DIRECTIONS
Look below for the line containing "Our Abacus Level" and the line containing "だんだん集まってきて、朝会が始まりました。全体に眠そうです。", then set down both and every line between them exactly, without pictures.

..............................

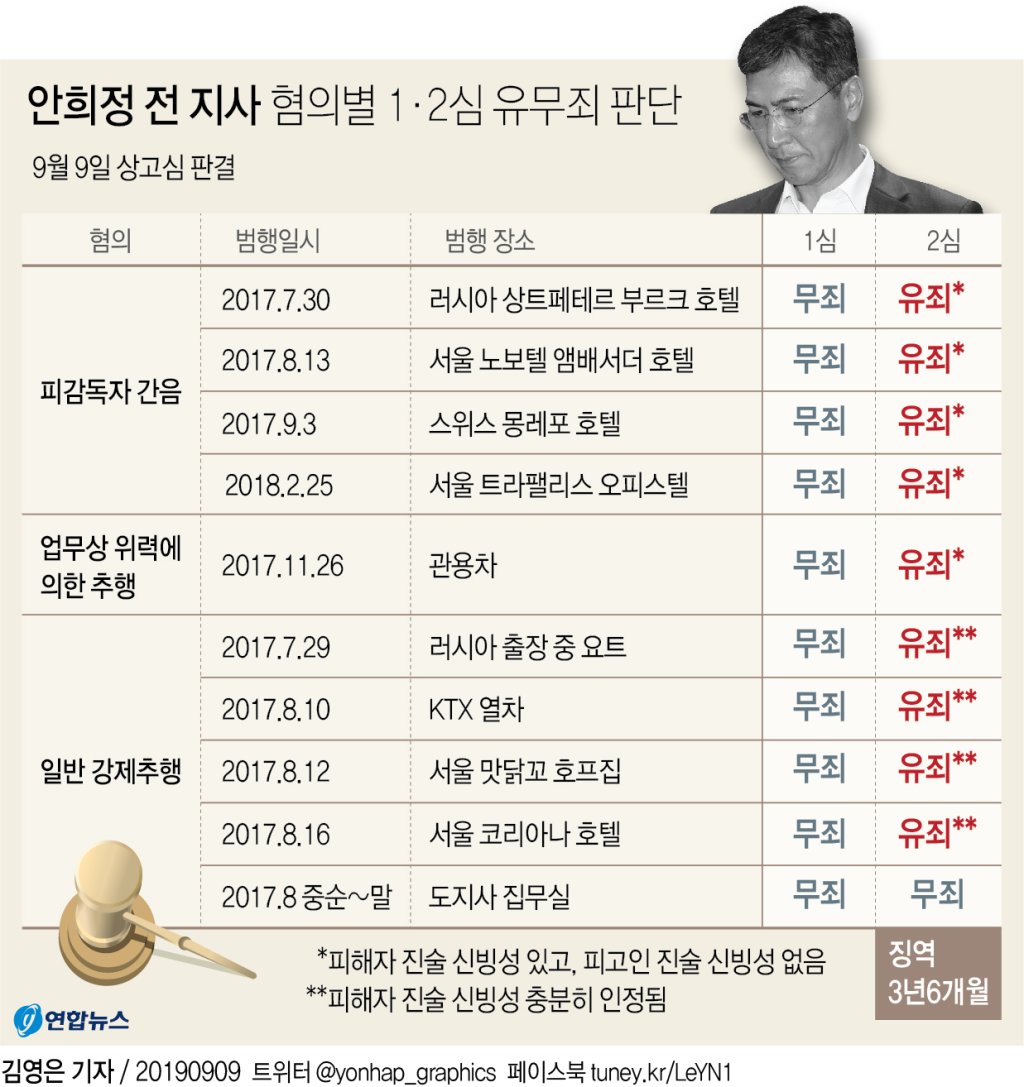 "얼어붙었다는 상황에서 도지사를 껴안는 건 의문", 안 전 지사 아내는 앞서 열린 공판에 피고인 측 증인으로 출석해 '문자메시지와는 무관하게 김씨가 몰래 방에 들어와 잠자는 우리 모습을 수 분간 지켜봤다'는 내용의 증언을 했다., "安 위세에 눌려 씻고 나왔다" 진술 신빙성 낮게 봐, 호텔 만실이 아닌데도 운전비서에게 방 없다고 말해, "상화원 사건 김씨 증언은 모순, 불명확한 점들 다수", "텔레그램 중요 증거인데 모두 삭제, 의심스러운 정황", "사안이 법정에 온 이상 형사법적 원칙 따라 심리해야..합리적 의심의 여지 없을 정도로 공소사실 증명 안돼"
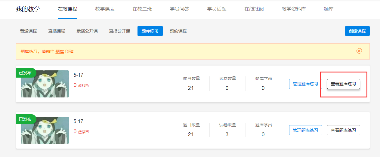 4.【我的教学】-【在教课程】-【题库练习】-【查看题库练习】
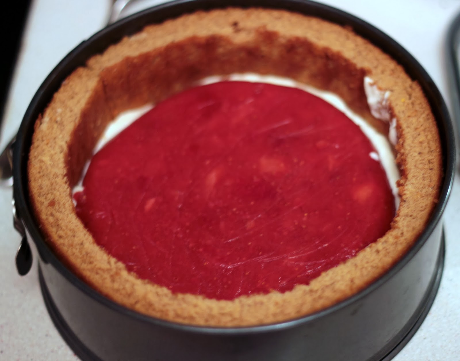 3. Пока бисквит остывает, приготовить клубничное желе. Замочить желатин в прохладной воде на 10 минут. Тем временем клубнику измельчить погружным блендером (я сделала довольно грубое пюре, чтобы попадались еще небольшие кусочки ягод). Клубничное пюре прогреть на водяной бане до температуры около 60 градусов, по желанию добавить сахар или мед (я добавила 1 ч.л. меда), ввести отжатый желатин и хорошо перемешать. Взять круглую форму, диаметром меньшим, чем форма для торта (чтобы круг клубничного желе поместился внутрь), застелить ее пищевой пленкой, оставляя свободные концы, и вылить пюре. Убрать в морозилку, меньше чем за час, оно схватится.
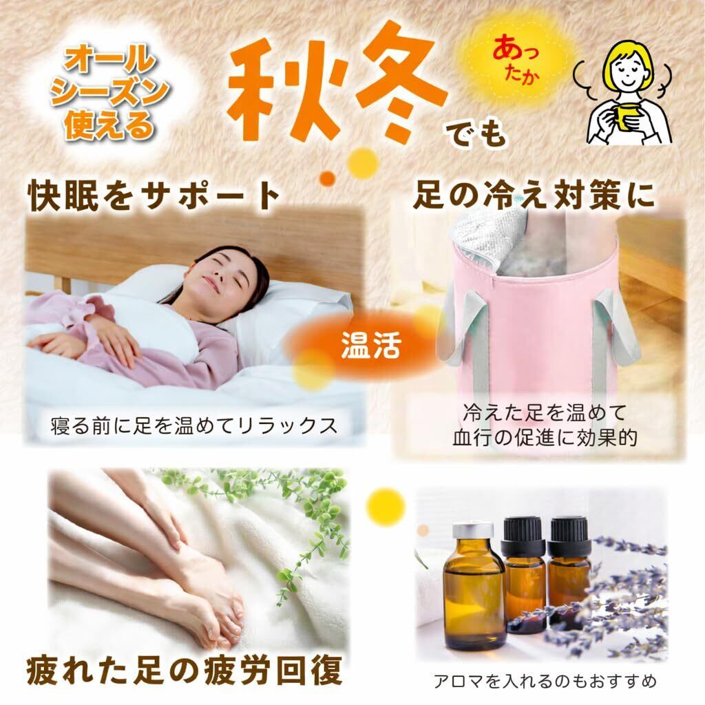 【膝丈のオールシーズン使える足湯バケツ】リラックスタイムにぴったりの足湯バケツです。寒い時期、冷え性の方には足先を温めるフットバスとして、スポーツの後にはアイシングバケツとして、洗濯物のつけ置きなど、幅広く使える万能アイテムです。
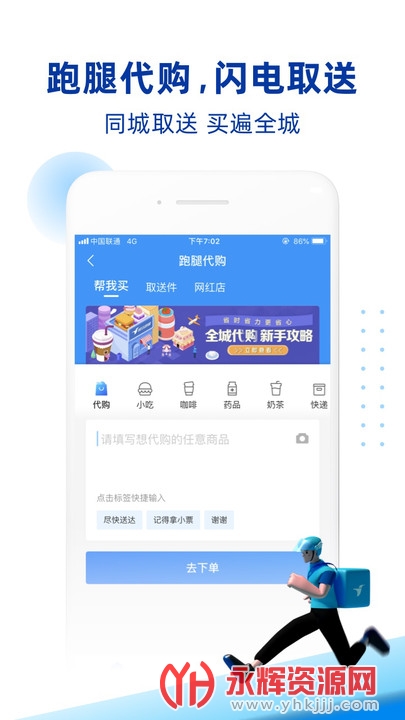 专业的进行跑腿配送的APP,在这里每一位跑腿人员在上岗前全进行过培训
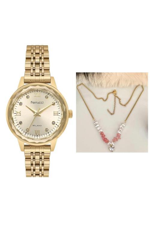 Ferrucci Kristal Kadranlı Taşlı Çelik Kadın Kol Saati+ İncili Çelik Kolye Hediye
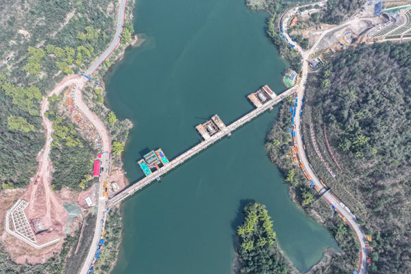 位于重慶市銅梁區(qū)的成渝中線高鐵玄天湖大橋建設(shè)現(xiàn)場(無人機(jī)照片)。
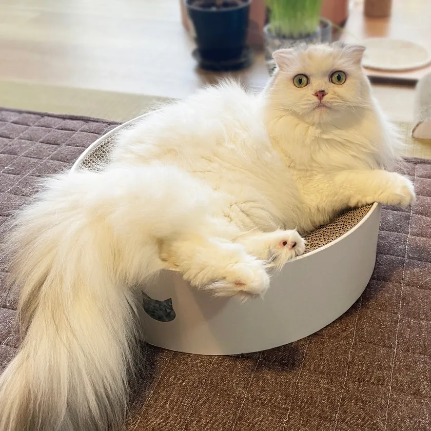 ■8の字のなめらか曲線が、猫のやわらかなからだにフィットする「バリバリベッド8」
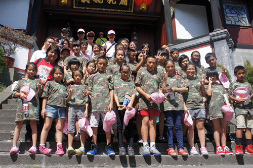 台湾新竹县桃山小学师生参观都江堰合影。(图片来源:四川省台办)
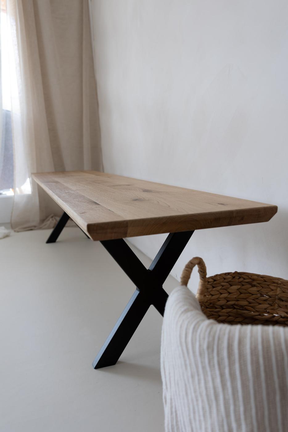 Dubová lavice s kovovou podnoží XENIA má masivní dubovou sedací část v síle 4 cm, která je lehce vykartáčovaná pro vyniknutí překrásné kresby dřeva, hrana desky je zkosená. Kovová podnož ve tvaru písmene X. Interiéru propůjčuje industriální vzhled. Pokud jste zde nenašli rozměr, který potřebujete, neváhejte nás kontaktovat.
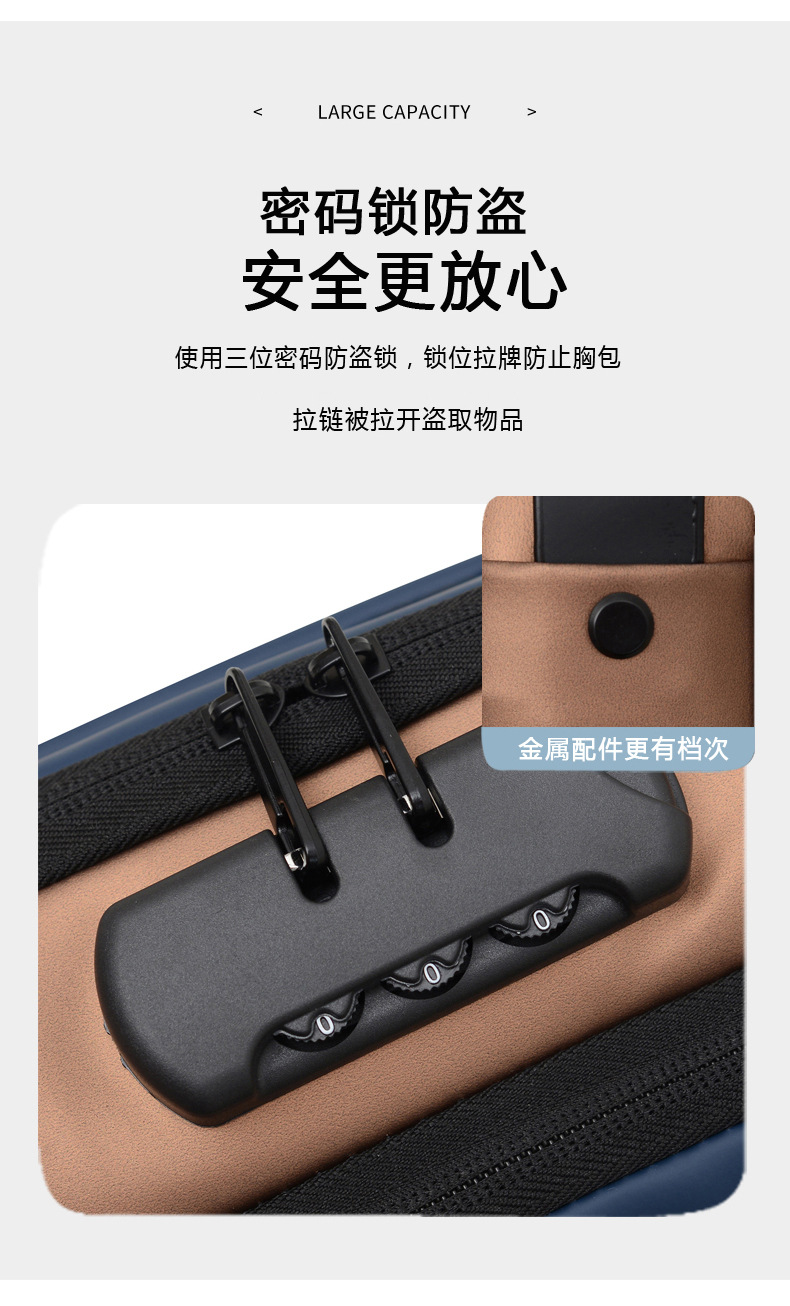 跨境新款多功能密码锁胸包防盗户外休闲斜跨包男女同款简约单肩包
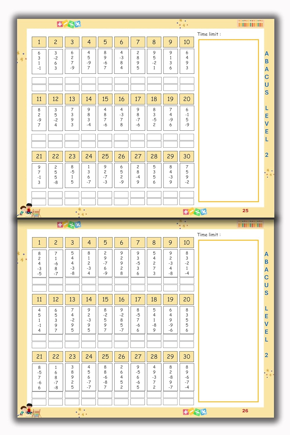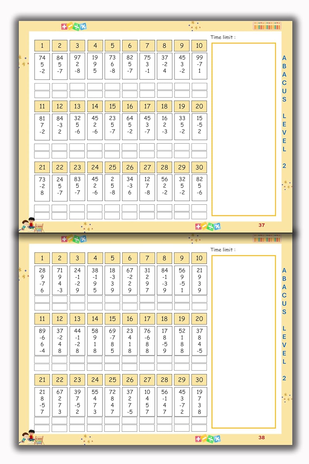 Our Abacus Level 2 Book is meticulously designed to advance young learners' arithmetic skills by introducing them to foundational addition and subtraction techniques, progressing to more complex formulas for enhanced calculation efficiency.
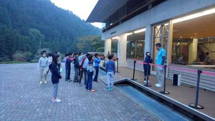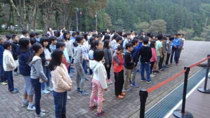 だんだん集まってきて、朝会が始まりました。全体に眠そうです。
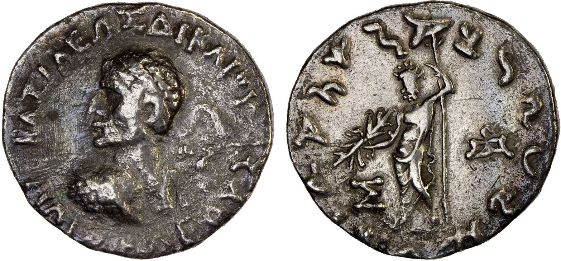 BACTRIA: Heliokles II Dikaios, ca. 110-100 BC, AR tetradrachm (8.68g), Bop-4var (unpublished control marks), diademed heroic bust left, holding spear in right hand and wearing aegis on left shoulder // Zeus standing facing, holding thunderbolt, Σ to left, monogram to right, some porosity and smoothing, unpublished and apparently unique, VF.
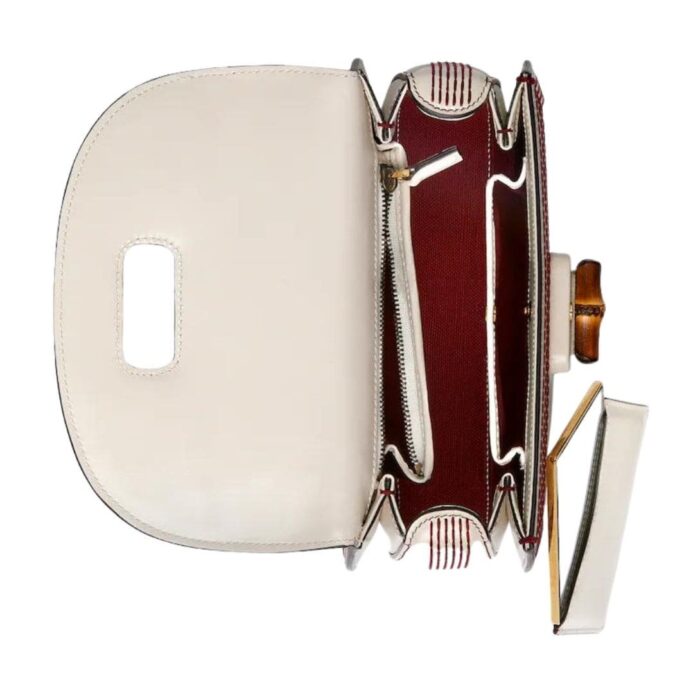 The bag features a spacious interior, designed to hold essentials with ease. The main compartment is lined with a soft fabric, adding an extra layer of comfort and protection for your belongings. An interior zip pocket offers additional organization, while the flap closure with a magnetic snap ensures security. The bag’s minimalist design is complemented by subtle Gucci branding, adding a touch of modern elegance without overpowering its classic appeal. GUCCI BAMBOO 1947 SMALL BAG

..............................

EXPECTED ANSWER
 Our Abacus Level 2 Book is meticulously designed to advance young learners' arithmetic skills by introducing them to foundational addition and subtraction techniques, progressing to more complex formulas for enhanced calculation efficiency.
 だんだん集まってきて、朝会が始まりました。全体に眠そうです。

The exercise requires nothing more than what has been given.